Лэн принялся о чем-то просить, показывая на меня, что-то втолковывать, – ему внимали с тупым безразличием, – и тогда он двинул рукой…
Его кулак, описав крутую дугу, скользнул по первой челюсти, по второй, и оба конвоира вдруг упали. Двойной нокаут. Нового удара не понадобилось. Одним ударом – двоих! Я такого никогда еще не видел. Я стоял, завороженный, рефлекторно примеривая к себе это уникальное движение, прокручивая картинку в уме, а Лэн уже бежал ко мне, загорелый и счастливый, с томиком Шпенглера под мышкой, сияя, как начищенный сапог, а трое полицейских, отпрыгнув от стойки бара, опасливо окружали беглеца. И оказалось, что в холле полно полицейских: кто-то кинулся к бесчувственным телам, кто-то терзал радиофон, вызывая врача…
– Мне предлагали работу, – начал мальчик с главного. Понимал, умница, что у нас нет времени на пустяки.
– Какую? – спросил я.
– Чтобы я вас уговорить взять меня в Ленинград.

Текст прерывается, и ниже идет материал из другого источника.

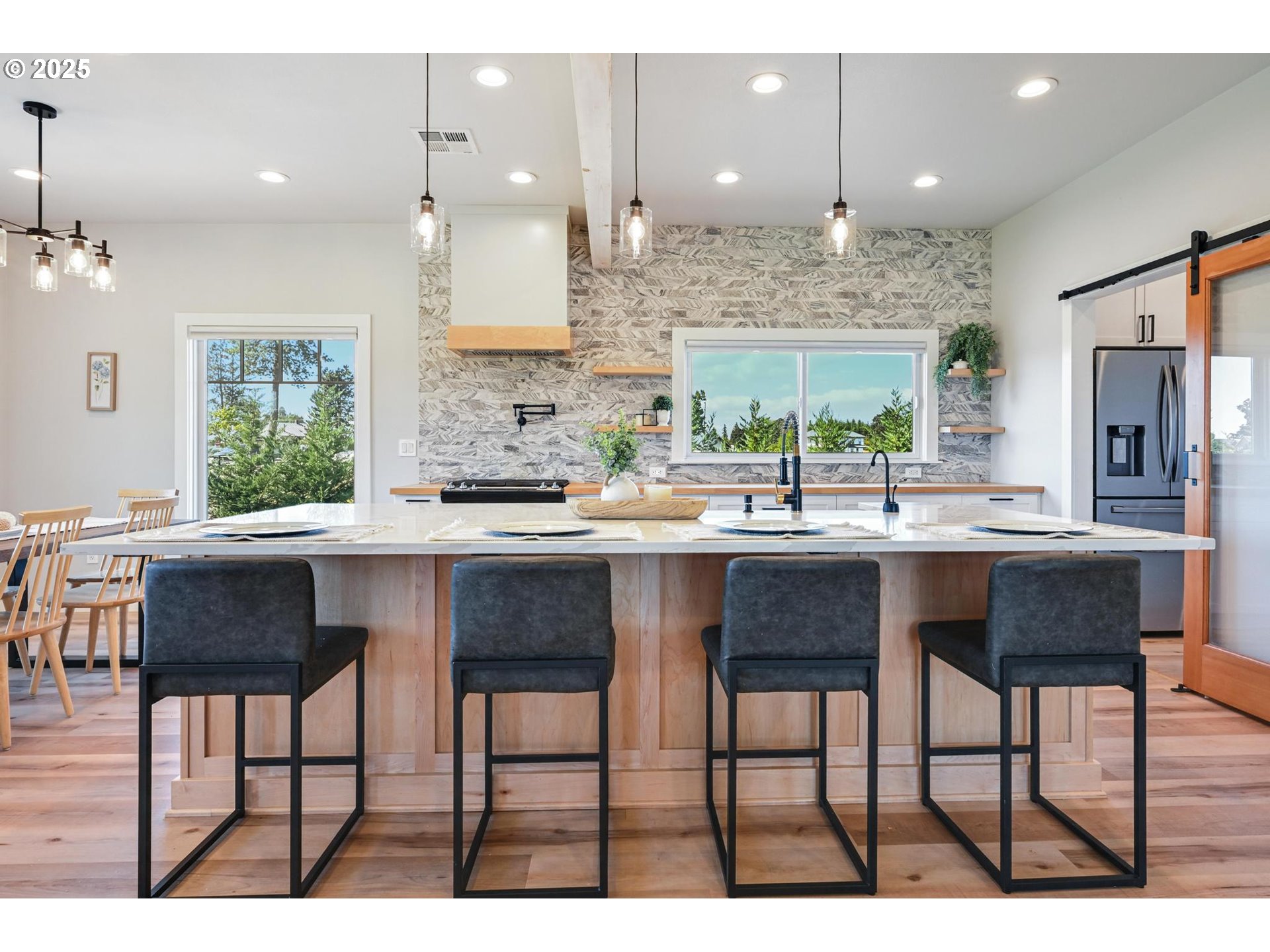 (503) 893-8874An inspired modern farmhouse, this Molalla residence masterfully blends the character of its 1910 origins with the sophistication of a full, down-to-the-studs renovation. Every detail has been reimagined with intention — from new electrical and plumbing systems to carefully curated finishes that balance contemporary design with timeless appeal.The heart of the home is an airy, open-concept living, dining, and kitchen space anchored by custom cabinetry, quartz surfaces, and a thoughtfully designed pantry offering additional prep space. Light flows effortlessly through the interiors, highlighting clean lines and natural textures. A generous mudroom and laundry room enhance everyday function with style.The primary suite is a private retreat, featuring a spa-inspired bath with a glass-framed shower and a luxurious soaking tub. Two additional bedrooms complete the main residence, offering comfort and versatility.Set on one acre, the grounds include raised garden beds, a chicken coop, and an oversized two-bay shop with guest quarters, office, and a lofted storage space — an ideal balance of utility and design. This is not simply a remodel; it is a reinvention of farmhouse living, where historic charm and modern craftsmanship converge.
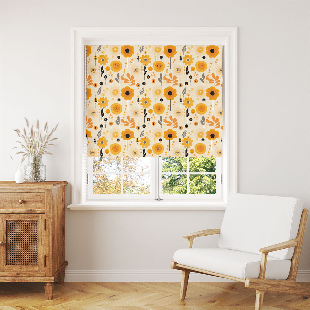 Folk Daisy Cotton Curtain Fabric - Mustard

– А что тебе делать в Ленинграде?
– Сказали, писателем станешь, а мы поможем публиковаться, – смущенно улыбнулся он. – Сказали, ты же всю жизнь мечтал стать писателем. Будешь учеником Жилина, будешь дружить с Сорокиным, со Снегиревым, с Галкиной, а с нашим резидентом, сказали, будешь встречаться не чаще раза в месяц…
– А ты?
– Отказался, конечно. Работа коридорного мне больше нравится.
Товарищ Барабаш очень внимательно нас слушал. Мне это не нравилось, но выбора не было. Лейтенант Сикорски слушал новости по стереовизору, то есть как бы отсутствовал. Что слушали другие полицейские, окружившие нас, я не знаю, их рапортов мне никто в дальнейшем не показал.

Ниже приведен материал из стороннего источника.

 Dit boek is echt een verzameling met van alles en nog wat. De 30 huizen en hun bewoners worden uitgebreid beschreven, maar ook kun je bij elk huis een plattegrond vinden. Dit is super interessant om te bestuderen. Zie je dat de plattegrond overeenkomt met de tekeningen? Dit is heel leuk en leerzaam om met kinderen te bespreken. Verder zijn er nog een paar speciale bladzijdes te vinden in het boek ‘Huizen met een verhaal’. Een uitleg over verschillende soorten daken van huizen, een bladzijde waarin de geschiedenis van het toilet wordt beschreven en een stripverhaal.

– Вы ведь, если не ошибаюсь, сын госпожи Вайны Туур? – громко спросил Бэла.
– Да, – сказал Лэн.
– Ваша матушка – грандиозная женщина, – сказал Бэла с энтузиазмом. – Не волнуйтесь, я уверен, мы утрясём это недоразумение…
Вечерние новости, кстати, всё не кончались. Теперь там показывали… Стаса! Господин Скребутан произносил какую-то речь, высоко подняв бокал с вином. Не спрашивая разрешения у полиции, я сел на плетеный диванчик.

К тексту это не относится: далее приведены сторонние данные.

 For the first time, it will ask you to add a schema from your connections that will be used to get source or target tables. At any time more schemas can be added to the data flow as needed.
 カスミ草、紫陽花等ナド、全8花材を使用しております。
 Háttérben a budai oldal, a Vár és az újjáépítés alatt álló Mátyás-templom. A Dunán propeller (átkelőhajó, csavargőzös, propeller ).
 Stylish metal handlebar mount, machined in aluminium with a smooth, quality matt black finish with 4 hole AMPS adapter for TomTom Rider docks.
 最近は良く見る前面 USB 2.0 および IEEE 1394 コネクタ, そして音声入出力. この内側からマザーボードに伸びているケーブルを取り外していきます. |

– Ноги не слушаются, – сказал я умоляюще. – Эй, палачи, дайте отдохнуть.
– Врача вернуть? – наклонился Бэла ко мне.
– Выживу, – сказал я.
Он посмотрел на стереовизор и хмыкнул. Он посмотрел на Сикорски, на Лэна, на своих подчиненных, и принял решение.
– Хорошо, Жилин, я подожду у выхода. Надеюсь, обойдемся без трюков? Руди, проследи за ним.
– Да ты не волнуйся, уеду я отсюда. Вот отдышусь, и тотчас на вокзал.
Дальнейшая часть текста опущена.